| 26 Views
Ajang Fantasi Sedarah, Bukti Kerapuhan Keluarga

Oleh: Yetti Trisnowati
Kementerian Pemberdayaan Perempuan dan Perlindungan Anak (Kemen PPPA) segera mengusut tuntas viralnya grup fantasi sedarah yang keberadaannya sangat meresahkan masyarakat serta berpotensi merusak masa depan generasi muda, terutama perempuan dan anak.
Kemen PPPA mengecam keberadaan grup Facebook yang menormalisasi tindakan inses—hubungan sedarah—karena membahayakan perempuan dan anak. Kemen PPPA menegaskan bahwa proses hukum harus ditegakkan demi memberi efek jera dan melindungi masyarakat dari dampak konten menyimpang.
Para pelaku dapat dijerat dengan pasal-pasal Undang-Undang Nomor 19 Tahun 2016 tentang Informasi dan Transaksi Elektronik (ITE), Undang-Undang Nomor 44 Tahun 2008 tentang Pornografi, serta Undang-Undang Nomor 23 Tahun 2002 tentang Perlindungan Anak.

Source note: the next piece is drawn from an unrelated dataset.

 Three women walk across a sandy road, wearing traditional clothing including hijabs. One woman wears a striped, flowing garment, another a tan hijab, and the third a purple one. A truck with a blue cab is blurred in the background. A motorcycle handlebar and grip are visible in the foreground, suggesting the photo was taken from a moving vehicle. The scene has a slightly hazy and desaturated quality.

Komisi Nasional Anti Kekerasan terhadap Perempuan (Komnas Perempuan) juga mendesak pihak kepolisian untuk menindaklanjuti kasus grup fantasi sedarah ini secara tuntas. Meski grup telah dibubarkan, identitas admin dan pengelola dapat ditelusuri, dan proses hukum tetap harus ditegakkan agar komunitas serupa tidak muncul kembali di dunia digital. Komnas Perempuan juga mengajak seluruh masyarakat meningkatkan kesadaran dalam melindungi perempuan dan anak di lingkungan keluarga agar mereka tidak menjadi korban kekerasan seksual.
Direktur Siber Polda Metro Jaya, Kombes Pol. Roberto Pasaribu, menjelaskan bahwa grup Facebook bernama “fantasi sedarah” telah dihapus oleh pihak Meta karena melanggar ketentuan platform. Di sisi lain, Kementerian Komunikasi dan Informatika juga mengambil langkah tegas terhadap sejumlah grup yang menyebarkan konten pornografi bertema inses yang telah menimbulkan kemarahan publik. Meta telah menghapus enam grup terkait dan mendorong operator media sosial lainnya untuk menindak grup serupa.

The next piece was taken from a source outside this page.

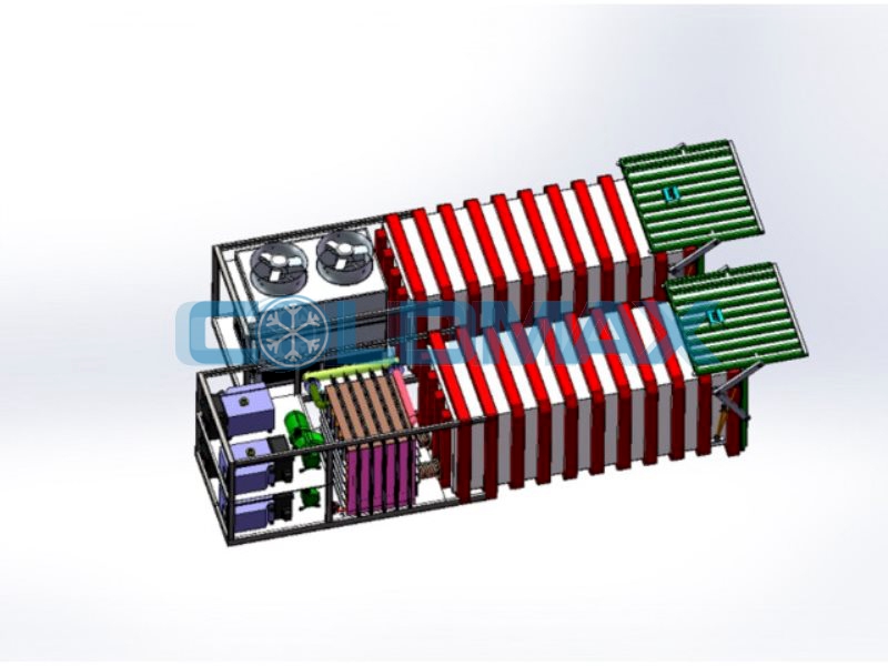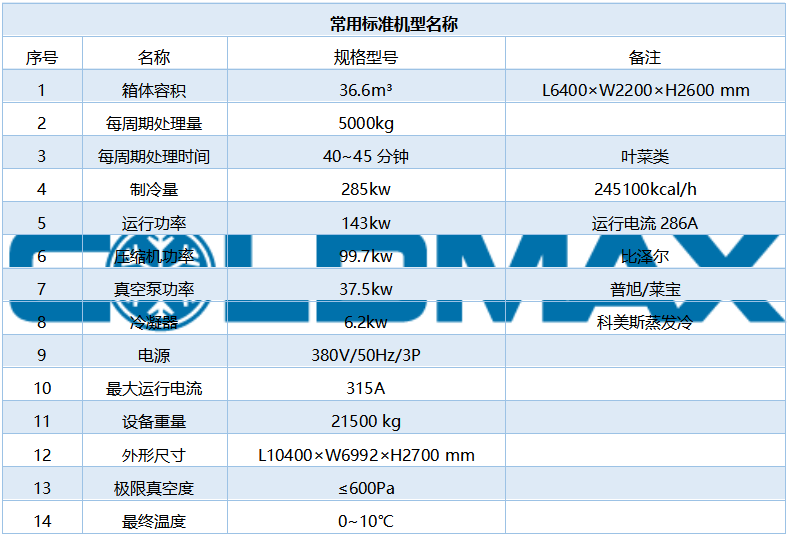 十卡板果蔬真空預(yù)冷機(jī)主要針對中大型農(nóng)場的預(yù)冷加工使用;真空箱容積36.6m3,庫容量5000kg,預(yù)冷溫度設(shè)計(jì)為0~10℃;

Kemenkominfo akan memperkuat pemantauan media sosial dan bekerja sama lintas sektor demi menciptakan ruang digital yang aman dan sehat. Masyarakat juga diimbau untuk turut serta memantau dan melaporkan aktivitas digital negatif melalui platform aduan konten.id.
Fenomena inses ini menjadi sangat mengerikan ketika terjadi berulang di tengah masyarakat yang mayoritas beragama Islam. Gambaran ini menunjukkan betapa jauhnya penerapan aturan agama dalam kehidupan. Masyarakat hidup bebas, tanpa pegangan norma atau hukum syariat, dan lebih mengedepankan nafsu serta kepuasan pribadi—layaknya binatang yang tak memiliki akal. Akibatnya, tatanan keluarga rusak, dan sistem keluarga muslim yang diidamkan runtuh menjadi puing-puing yang sulit dibangun kembali.
Inilah buah dari sistem sekuler kapitalisme yang mengabaikan agama. Ketika kehidupan tak berpedoman pada aturan Ilahi, maka hawa nafsu dan akal manusia yang terbatas menjadi penguasa. Sistem ini merusak martabat manusia dan menghancurkan institusi keluarga. Bahkan, negara abai menjaga sendi-sendi kehidupan yang menjadi pondasi masyarakat.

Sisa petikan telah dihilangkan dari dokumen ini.